When Massachusetts’ highest court ruled against U.S. Bank and Wells Fargo earlier this month and invalidated two foreclosures, the decision was hailed by some as an important precedent for courts seeking to resolve foreclosure disputes.
While the decision’s impact isn’t entirely clear, even Wall Street analysts who downplayed its applicability acknowledged its troubling implications for banks trying to foreclose with missing or insufficient documentation for the mortgage loans securitized and sold to investors.
The Massachusetts court, in its decision against the banks, ruled that in two very similar foreclosure cases, neither bank had been able to prove that it had the right to foreclose on the homeowner due to an incomplete chain of title. In other words, the banks couldn’t prove they had legal standing to foreclose because the transfers of ownership weren’t properly documented each time the mortgage changed hands—or was assigned to a new party—during the securitization process.
Here’s a handy chart from the ruling, showing how the chain of title should have been documented with the Ibanez mortgage:
U.S. Bank, as the chart shows, wasn’t the mortgage originator or the servicer in this case—it was the trustee of the mortgage-backed security (responsible for distributing funds to investors in the security). The Financial Times’ Alphaville blog explains how U.S.Bank’s documentation fell short:
One of the issues is the so-called “mortgage in blank” procedure. In the Ibanez case, for instance, the last mortgage assignment with a full set of names on it is from Rose Mortgage to Option One. After that, the mortgage is assigned in blank throughout the securitisation. There’s no assignment with “US Bank” on it anywhere, though the bank did try to go back and finish off the assignment after it moved to foreclose.

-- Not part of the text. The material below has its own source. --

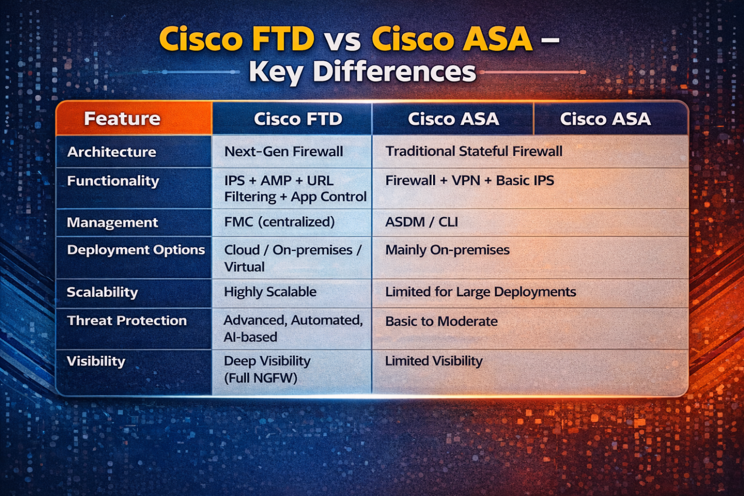 Cisco Firepower Threat Defense (FTD) සහ Cisco Adaptive Security Appliance (ASA) කියන්නේ ලොകരක්ම IT සංවිධාන network සුරක්ෂිත කරගන්න භාවිතා කරන ප්රමුඛ security appliances දෙකක්. මේ දෙකම cyber attacks වලින් වෙළෙඳසැල්, සමාගම්, රජයේ ආයතන ආදිය ආරක්ෂා කරන්න specially design කරපු devices.

Banks, in order to smooth over the problem of missing assignments, will often do “confirmatory assignments” after a foreclosure has been initiated. It’s standard practice in Massachusetts, FT Alphaville reported.
But these “confirmatory assignments” only work when “there is a prior valid assignment to confirm,” bankruptcy lawyer and foreclosure expert Max Gardner explained to me. Even though the lower court gave both banks time to produce evidence of earlier assignments, the banks weren’t able to cough up the proof.
They did, however, produce some securitization documents that the court said did not suffice as proof of legal standing in this case. U.S. Bank submitted the offering documents for the mortgage-backed security, which the court said showed an “intent to assign mortgages to U.S. Bank, not proof of their actual assignment.”
The court went on to say that even if the banks had produced a trust agreement or pooling and servicing agreement—proof that a mortgage pool was sold and assigned to the trust—they would still have to provide records detailed enough to show that the actual mortgage in question is contained in that mortgage pool.
The American Securitization Forum chose to take a glass-half-full approach to interpreting the ruling. It issued a statement saying it was “pleased that the Court validated the use of the conveyance language in securitization documents as being sufficient to prove transfers of mortgages” under Massachusetts law.
(Georgetown University associate law professor Adam Levitin, meanwhile, looked at securitization documents for other mortgage securities and concluded that many would probably fall similarly short.)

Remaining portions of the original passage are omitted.